» Given data:
☆ ☆ ☆ ☆ ☆ ☆ ☆
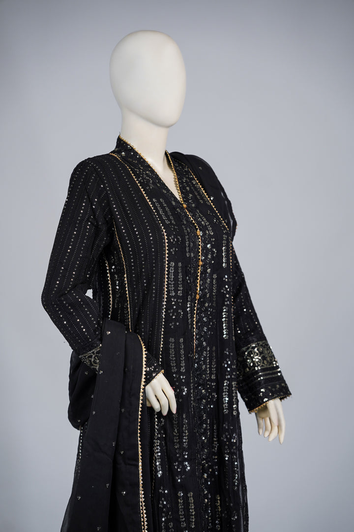 Unicorn – a beautifully crafted 3-piece embroidered chiffon maxi set, designed for the modern woman who values grace, sophistication, and a touch of regal flair. Ideal for festive occasions, weddings, and formal gatherings, this ensemble effortlessly combines traditional embroidery with contemporary styling.
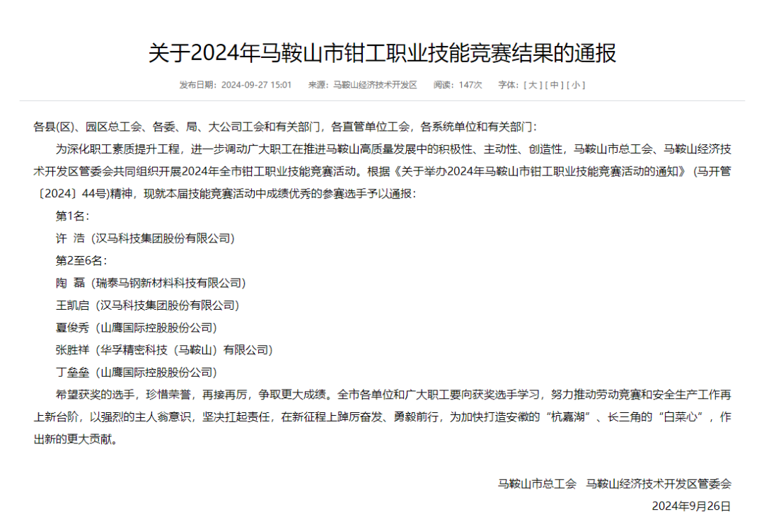 9月21日至9月22日,由马鞍山市总工会、马鞍山经开区管委会主办的2024年马鞍山市钳工职业技能竞赛活动在马鞍山师范高等专科学校开赛,全市众多企业派出近百名实力选手参与角逐。
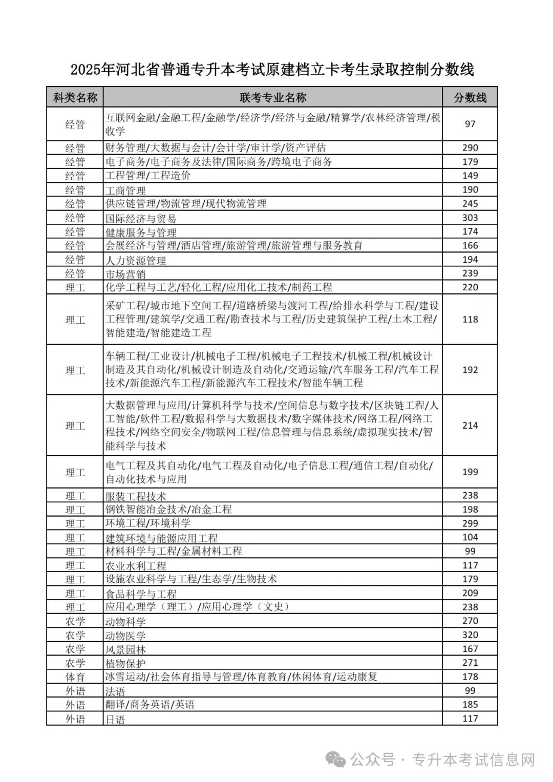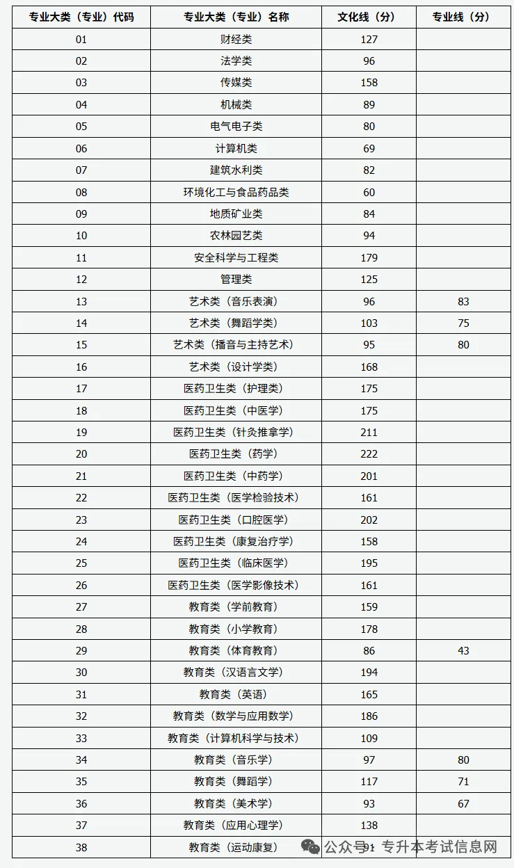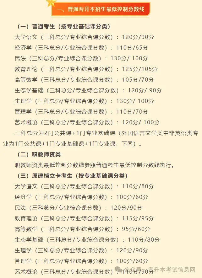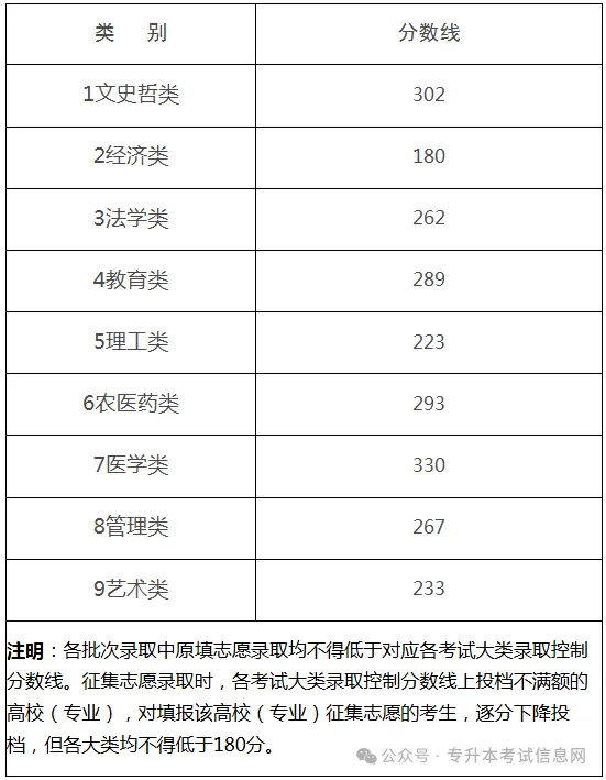 我省2025年普通高校专升本招生考试成绩最低要求已确定,现公布如下:
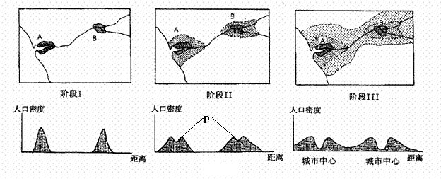(3)阶段III,城市中心人口密度进一步下降,若该地区人口出现“钟摆式”移动现象,则该地区的功能区最有可能是 ,该阶段AB城市之间城市用地连成一片,形成 。
☆ ☆ ☆ ☆ ☆ ☆ ☆
» Exercise instructions: Precisely the lines from the one containing "9月21日至9月22日,由马" to the end of the data above, both included, should be printed; leave the pictures out.

» Final answer:
 9月21日至9月22日,由马鞍山市总工会、马鞍山经开区管委会主办的2024年马鞍山市钳工职业技能竞赛活动在马鞍山师范高等专科学校开赛,全市众多企业派出近百名实力选手参与角逐。
 我省2025年普通高校专升本招生考试成绩最低要求已确定,现公布如下:
(3)阶段III,城市中心人口密度进一步下降,若该地区人口出现“钟摆式”移动现象,则该地区的功能区最有可能是 ,该阶段AB城市之间城市用地连成一片,形成 。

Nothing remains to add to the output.